If the answer is supposed to be only (B), then I would say that this is not a well-designed question. The answer could also be (E), "there is electrical current." The current generates a magnetic field and if the current is changing (we are not told that it isn't), then there would be a changing magnetic field and hence a non-conservative electric field in the region.

 

[TSny]

TL;DR Summary: A (nonconservative electric field is induced in any region in which)
A. there is a changing magnetic flux

Can I take the "region" to be the area enclosed by a plastic loop?
Rotate the loop in a time-independent magnetic field. The changing magnetic flux through this "region" does not induce a nonconservative electric field.

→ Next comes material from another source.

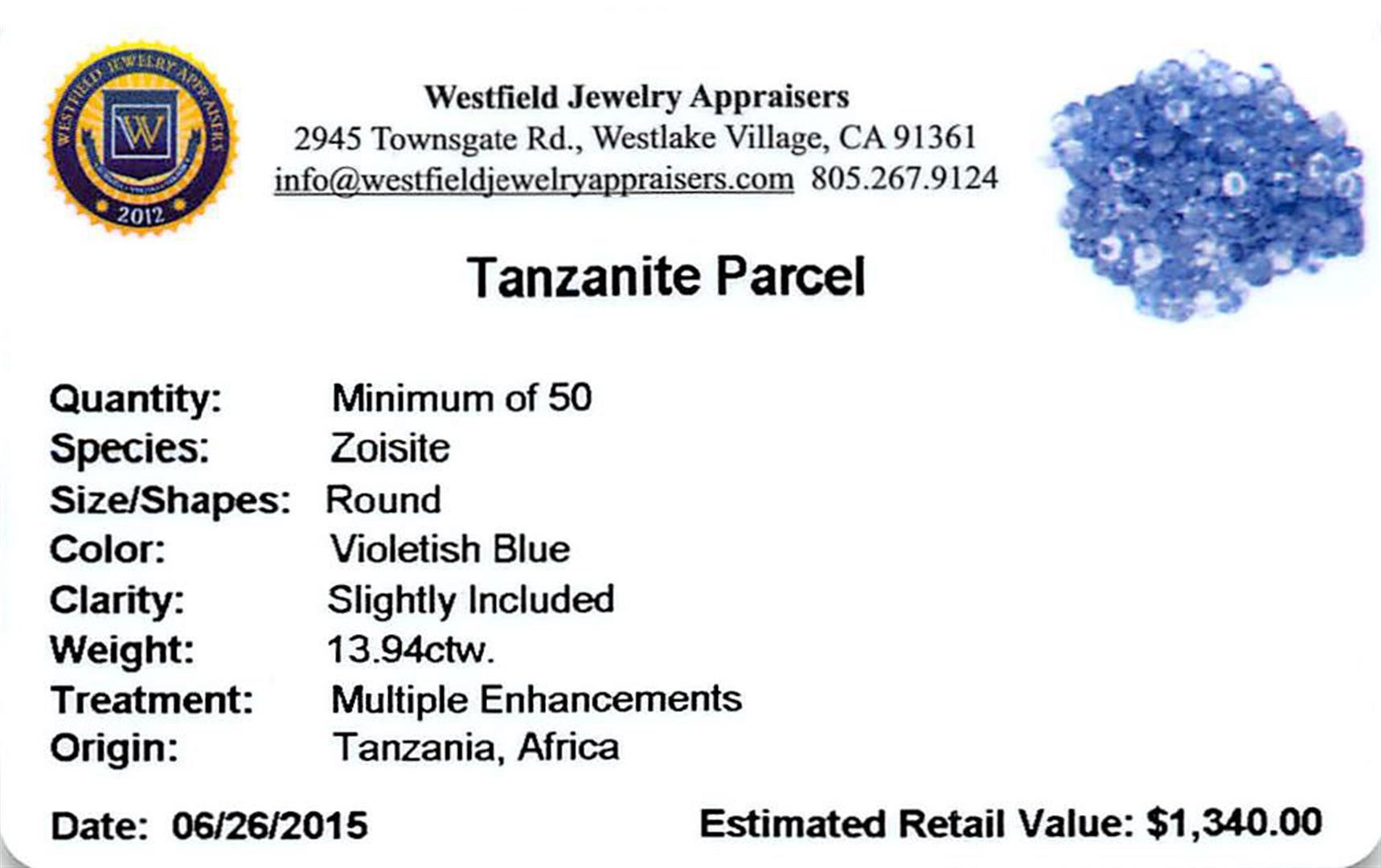 Fifty round mixed cut natural tanzanites, measuring 2.00 - 2.00 x 1.30 mm, exact total weight 13.94ct., clarity is slightly included, type I, medium, very slightly grayish, violetish blue color, (GIA vB 5/3), cut is good. Measurements & the color grade are an average for the group, Color grade is an average for the group, Transmitting light with no distortion, transparent, Naturally occurring internal & external characteristics are present, Indications of multiple laboratory enhancements, including high temperature heat treatment. Westfield Appraised at $1,340.00.

I agree that there are semantic ambiguities with the wording of the question.

 

[dainceptionman_02]

Can I take the "region" to be the area enclosed by a plastic loop?
Rotate the loop in a time-independent magnetic field. The changing magnetic flux through this "region" does not induce a nonconservative electric field.

I agree that there are semantic ambiguities with the wording of the question.

but changing the area or rotating the loop does induce a voltage therefore it should induce an electric field? there is the statement that a changing magnetic field induces an electric field, but couldn't an electric field also be induced by changing the area or angle, aka magnetic flux?

 

[dainceptionman_02]

whoops, i just noticed the question states a region, but not in a conducting loop or geometry.

 

[kuruman]

Can I take the "region" to be the area enclosed by a plastic loop?
Rotate the loop in a time-independent magnetic field. The changing magnetic flux through this "region" does not induce a nonconservative electric field.

I don't think that this works as a counterexample. The existence of a non-conservative electric field should not depend on whether there are charges free to move in the loop that is rotating.

 

[TSny]

I don't think that this works as a counterexample. The existence of a non-conservative electric field should not depend on whether there are charges free to move in the loop that is rotating.

The reason I chose a plastic loop was to avoid having any induced current in the rotating loop. If the loop were a conductor, then the current induced in the loop would generate its own B field and this field would be changing with time. This time-dependent B field would induce a nonconservative E field.

I was thinking that if the loop is plastic, then we would not get an induced current. So there wouldn't be an induced, nonconservative E field in this case.

But there would be a time-dependent induced emf in the plastic loop: $$ \rm {emf} =\oint_{\rm loop} \left( \mathbf{v} \times \mathbf{B} \right) \cdot \mathbf{dl} $$ where $\mathbf{v}$ is the velocity of the loop element $\mathbf{dl}$ and $\mathbf{B}$ is the uniform, time-independent field in which the loop is rotating. So, the induced emf would not involve a nonconservative E field.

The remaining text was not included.